▸ **WORK TASK**: Only an exact copy of the lines from the one containing "[서울=뉴스핌] 정일구 기자" through the last line of the material below belongs in the answer, with no pictures.

▸ **INFORMATION PROVIDED**:
^^^^^^^^

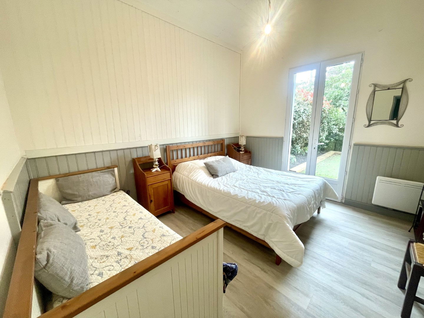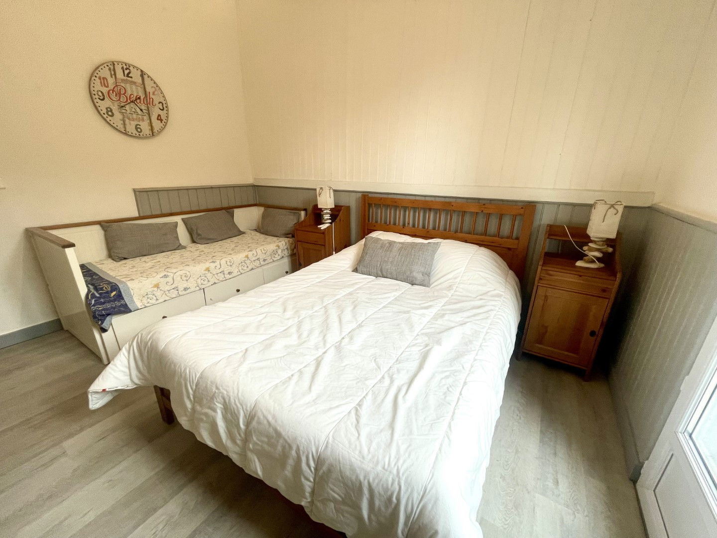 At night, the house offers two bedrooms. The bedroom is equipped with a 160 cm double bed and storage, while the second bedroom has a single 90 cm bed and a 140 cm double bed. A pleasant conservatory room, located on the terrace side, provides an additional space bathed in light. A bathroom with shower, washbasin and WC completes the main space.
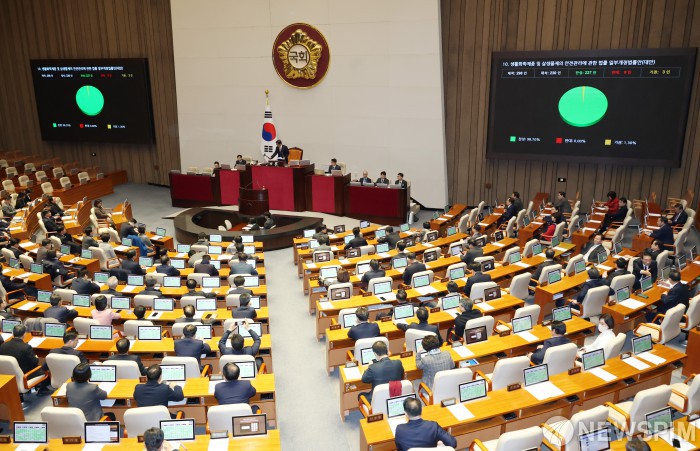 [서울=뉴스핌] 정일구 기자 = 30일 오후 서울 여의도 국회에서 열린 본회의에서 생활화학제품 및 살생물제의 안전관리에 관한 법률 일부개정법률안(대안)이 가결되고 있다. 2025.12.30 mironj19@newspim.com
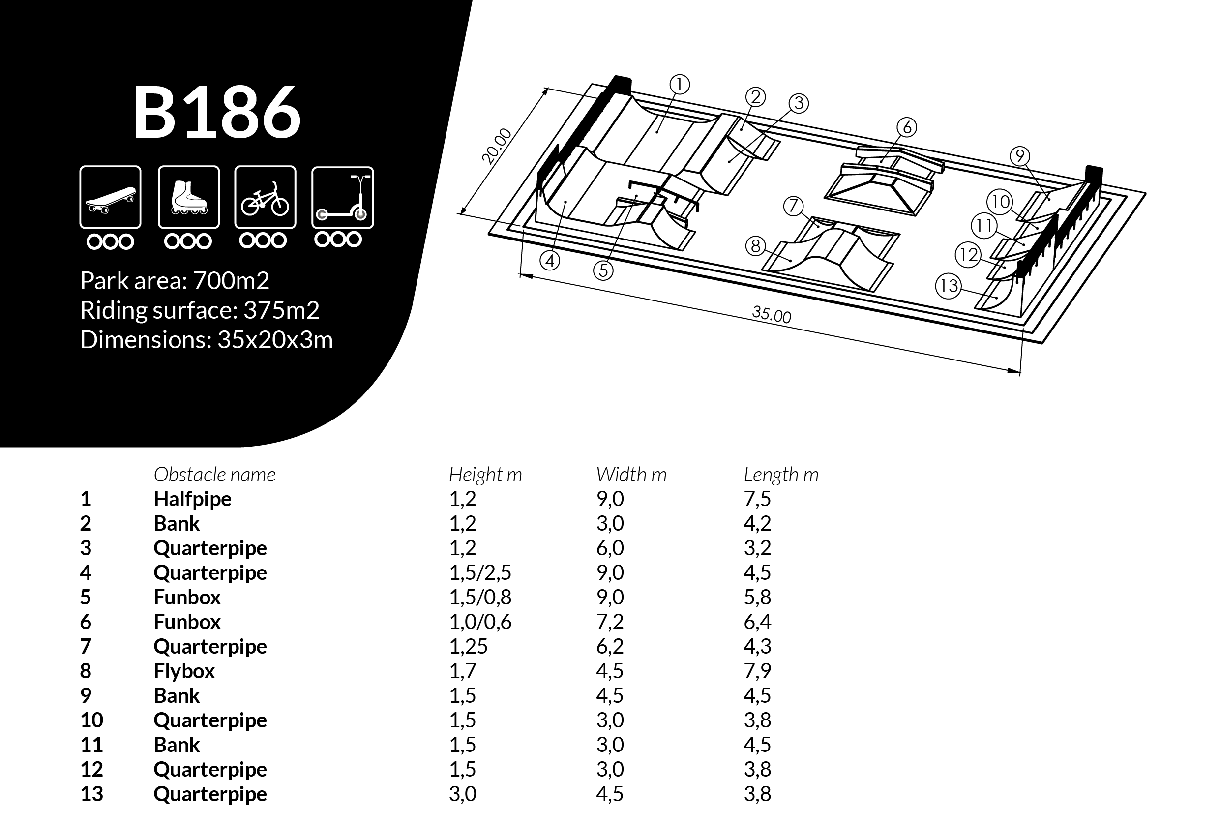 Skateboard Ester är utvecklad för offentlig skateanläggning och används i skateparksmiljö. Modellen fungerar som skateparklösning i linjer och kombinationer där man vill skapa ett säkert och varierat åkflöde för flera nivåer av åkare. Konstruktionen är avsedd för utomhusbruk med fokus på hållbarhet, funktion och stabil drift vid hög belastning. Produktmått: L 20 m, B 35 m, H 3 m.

^^^^^^^^

▸ **RESPONSE**:
 [서울=뉴스핌] 정일구 기자 = 30일 오후 서울 여의도 국회에서 열린 본회의에서 생활화학제품 및 살생물제의 안전관리에 관한 법률 일부개정법률안(대안)이 가결되고 있다. 2025.12.30 mironj19@newspim.com
 Skateboard Ester är utvecklad för offentlig skateanläggning och används i skateparksmiljö. Modellen fungerar som skateparklösning i linjer och kombinationer där man vill skapa ett säkert och varierat åkflöde för flera nivåer av åkare. Konstruktionen är avsedd för utomhusbruk med fokus på hållbarhet, funktion och stabil drift vid hög belastning. Produktmått: L 20 m, B 35 m, H 3 m.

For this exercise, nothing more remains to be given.